In fact, Thiel argues, we often shouldn’t seek to be really good competitors. We should seek to be really good monopolists. Instead of being slightly better than everybody else in a crowded and established field, it’s often more valuable to create a new market and totally dominate it. The profit margins are much bigger, and the value to society is often bigger too.

Now to be clear, when Thiel is talking about a ‘monopoly,’ he isn’t talking about the illegal eliminate-your-rivals kind. He’s talking about doing something so creative that you establish a distinct market, niche and identity. You’ve established a creative monopoly, and everybody has to come to you if they want that service, at least for a time.”

His lecture points to a provocative possibility: that the competitive spirit capitalism engenders can sometimes inhibit the creativity it requires.

Think about the traits that creative people possess. They don’t follow the crowds; they seek out the blank spots on the map. Creative people wander through faraway and forgotten traditions and then integrate marginal perspectives back to the mainstream. Instead of being fastest around the tracks everybody knows, creative people move adaptively through wildernesses nobody knows.

Now think about competitive environments that confront the most fortunate people today and how it undermines the creative mind-sets.

First, students have to jump through ever-more-demanding, preassigned academic hoops. Instead of developing a passion for one subject, they’re rewarded for becoming professional students, getting better grades across all subjects regardless of their intrinsic interests. Instead of wandering across strange domains, they have to prudentially apportion their time, making productive use of each hour.

Then they move into a ranking system in which the most competitive college, program and employment opportunity is deemed to be the best. There is a status funnel pointing to the most competitive colleges and banks and companies, regardless of their appropriateness.

Then they move into businesses in which the main point is to beat the competition, in which the competitive juices take control and gradually obliterate others goals. … Competition [trumps] value-creation. In this and other ways, the competitive arena undermines innovation.”

All of this got me thinking about the importance of not worrying about what the other guy is doing, but instead, using that energy to create something new or a niche in your market that no one else has inhabited yet.
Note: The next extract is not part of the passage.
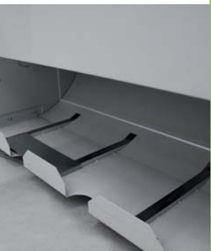
Sheet shute to the front

I am reminded of my first job working for MCI in Washington, D.C. At that time, AT&T had the monopoly on all phone service in the U.S. It also owned the company that made the telephones. Jack Goeken, the founder and Bill McGowan, the CEO of MCI, intended to create a microwave phone service for trucking companies between St. Louis and Chicago so the truckers could communicate far more effectively for a fraction of the cost. Everyone thought they were crazy. No one in the U.S. other than AT&T, was in the phone business. When MCI’s telecommunications system was finally up and running, the Wall Street Journal interviewed Bill and asked him how he could possibly think he could compete with AT&T. His response was, “I’m not competing with AT&T. I’m creating a completely different kind of telecommunications service, of which, in 10 years, MCI will only be one of many players.”

How prophetic his comments were. I remember that our mantra at MCI wasn’t, “We’re going to beat AT&T;” it was, “We’re creating a brand new way to communicate.” The latter statement was much more motivating for us.

This week, ask yourself if you’re competing or creating. Are you spending more time thinking about how to beat out your co-workers for the next promotion or creating new and different ways to work with your fellow team members? Maybe you’re thinking of creating something in your life that has nothing to do with your job. How about finding ways to nurture that creativity by spending time coming up with new ideas?

Maybe your job is to study what the competition is doing to give you an advantage. How about thinking about what your competition is not doing? Is there space in your market to create a niche no one else has thought of yet? Some companies have “idea rooms” where employees can go to for a week and do nothing but draw, paint, write and so on to come up with new product ideas, creative organizational structures and innovative services. How about giving yourself free license to spend time creating something new?

As Brooks writes in his article,

“We live in a culture that nurtures competitive skills. And they are necessary: discipline, rigor and reliability. But it’s probably a good idea to try to supplement them with the skills of the creative monopolist: alertness, independence and the ability to reclaim forgotten traditions.”

Have a good week!

Kathleen

Kathleen Doyle-White

Pathfinders Coaching

(503) 296-9249

© Copyright 2012 Pathfinders Coaching, Scout Search Inc., all rights reserved.

1/15/12 “Modern Thinking”

Good day, team.

This week’s challenge is about the struggle to stay current as we get older. A recent experience illustrates my point.

My office exists above a successful bakery and coffee shop in NE Portland. Needless to say, the early morning aromas of fresh-brewed coffee, muffins and bacon, wafting from the first floor to the second, present strong temptations.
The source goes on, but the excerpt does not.